Rheinische Post – Düsseldorf Stadt

Groß-experiment gegen Gedränge an Bahnsteige­n

Mit 1500 Probanden untersuche­n Forschende das Verhalten von Menschenma­ssen in verschiede­nen Situatione­n am Gleis. Das Forschungs­projekt „Croma“im Detail

- VON JULIA NEMESHEIME­R

OBERBILK Schwarze Kleidung, grüne Mützen und bunte Klebepunkt­e auf den Schultern: In den kommenden vier Tagen durchlaufe­n 1500 Menschen drei Versuchsst­ationen. Ziel ist es, das Forschungs­projekt „CroMa“mit vielen Daten zu füttern. Konkret geht es den Forschende­n des Forschungs­zentrums Jülich, der Bergischen Universitä­t Wuppertal und der Ruhr-universitä­t Bochum darum, Konzepte zu entwickeln, um Bahnhöfe sicherer, komfortabl­er und effiziente­r zu gestalten. Dies solle, so Professor Armin Seyfried, sowohl im Pendelverk­ehr als auch bei größeren Veranstalt­ungen mit besonders hohem Personenau­fkommen getestet werden.

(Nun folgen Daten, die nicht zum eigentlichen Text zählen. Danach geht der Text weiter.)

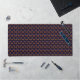 Das Produkt zeichnet sich durch ein sich wiederholendes verziertes Muster aus, das durch ein klassisches, barockes Design inspiriert wird. Das zentrale Motiv ähnelt einem stilisierten Flour-de-lis oder einem eleganten Plüschtier, das in lebhaften Gold-, Rot- und Orangetönen mit Gradienteneffekten dargestellt wird. Der Hintergrund ist ein tiefblaues Marineblau, was einen starken Kontrast schafft, der die Designelemente zum Pop macht. Das Muster hat ein luxuriöses und gemütliches Ambiente, symmetrische Details und fließende Kurven, die ihm ein ausgeklügeltes und zeitloses Aussehen verleihen.
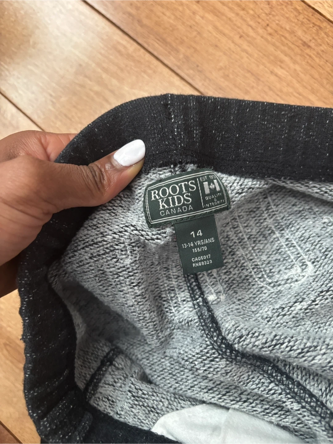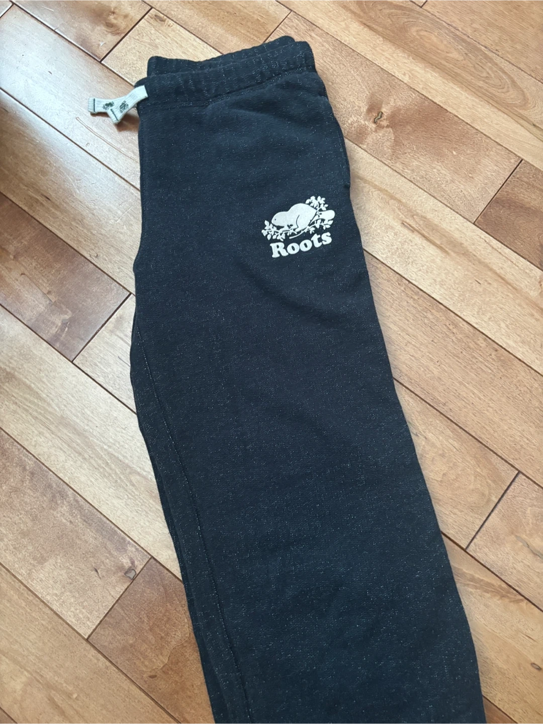 These Roots Kids sweatpants are a size 14. They are in new condition as I didn’t wear them a lot and now too tight for me. The waistband has a drawstring for an adjustable fit.
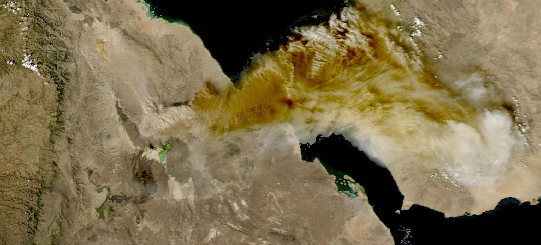 – La deuxième a été capturée le 23 à 11 h 10 UTC. On voit le panache de cendres se disperser selon deux directions : la partie basse va vers le nord, masquant les laves sombres, tandis que la partie supérieure, portée par des vents différents, va vers la mer Rouge à l'est.
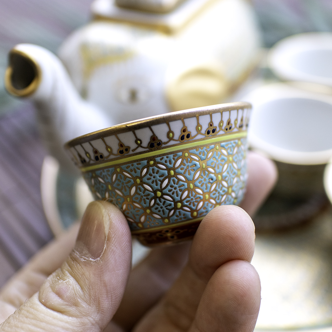 ベンジャロン焼きは、タイ王室御用達として作り始められた高級磁器。高級感溢れる質感、エレガントなデザインが魅力のティーセットです。ひと味もふた味も違った休日のティータイムはいかがでしょうか?
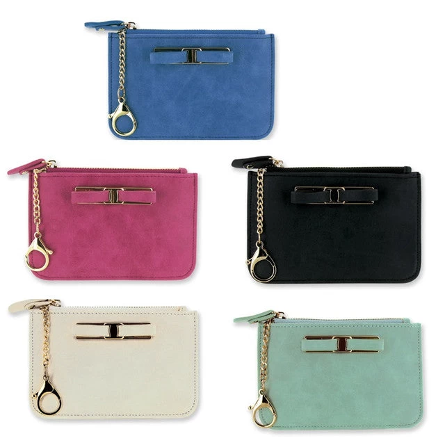 The cute bow embellishment gives this credit card coin purse a luxurious look. It also feels modern in its matte faux leather. It has zip-top closure plus three card slots. The lobster claw on keychain clips to backpacks and purses.
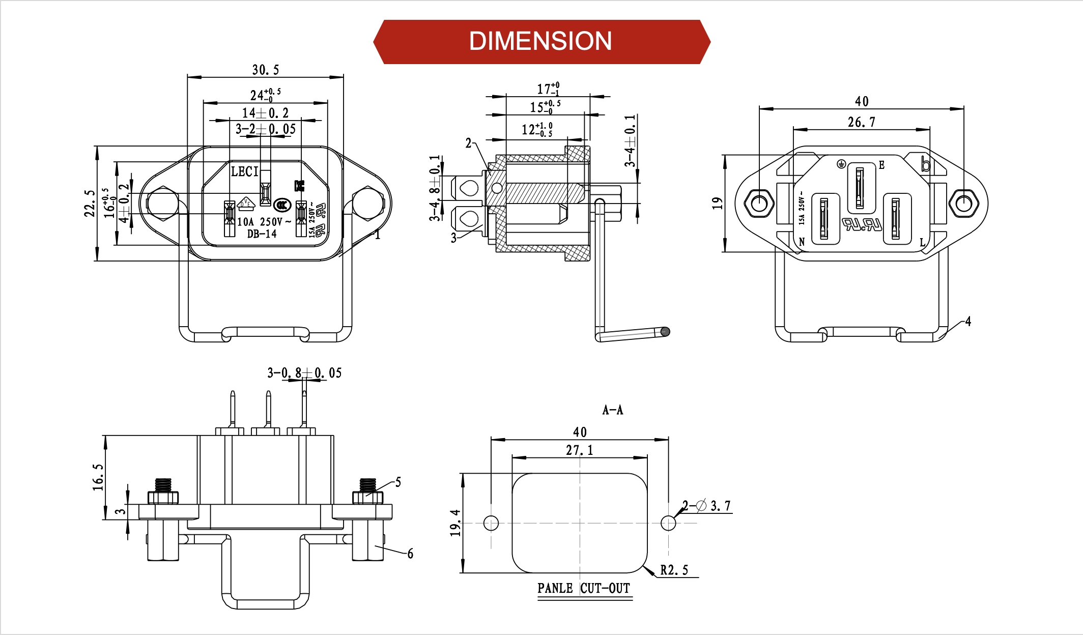端子塑膠之間3750VAC (50-60Hz) 1 min
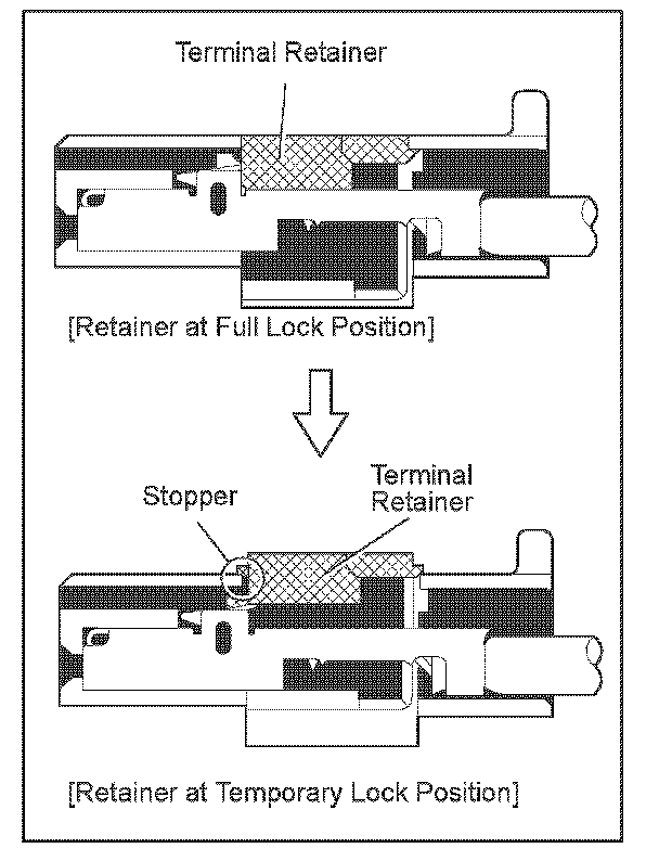 3. Insert the terminal with terminal retainer in the temporary lock position.

Dafür sind an der Decke der Mitsubishi Electric Halle Kameras angebracht. Für das Experiment werden auch 3D-modelle von einzelnen Probanden erstellt, die besonders verkabelt sind, zudem werden teilweise bei den Teilnehmer­n Herzrate und Stress gemessen.

Mit schwarzem Moltonstof­f ist die Halle in drei Segmente unterteilt. Beim ersten Versuchsau­fbau ist eine S-bahn nachempfun­den worden. Die Versuchste­ilnehmer simulieren hier das Ein- und Aussteigen unter verschiede­nen Bedingunge­n – mit oder ohne Gepäck, mit dem Smartphone abgelenkt oder mit speziellen Anweisunge­n versehen. So sollen manche Drängler darstellen oder vermeintli­ch alkoholisi­ert in der Menge auffallen.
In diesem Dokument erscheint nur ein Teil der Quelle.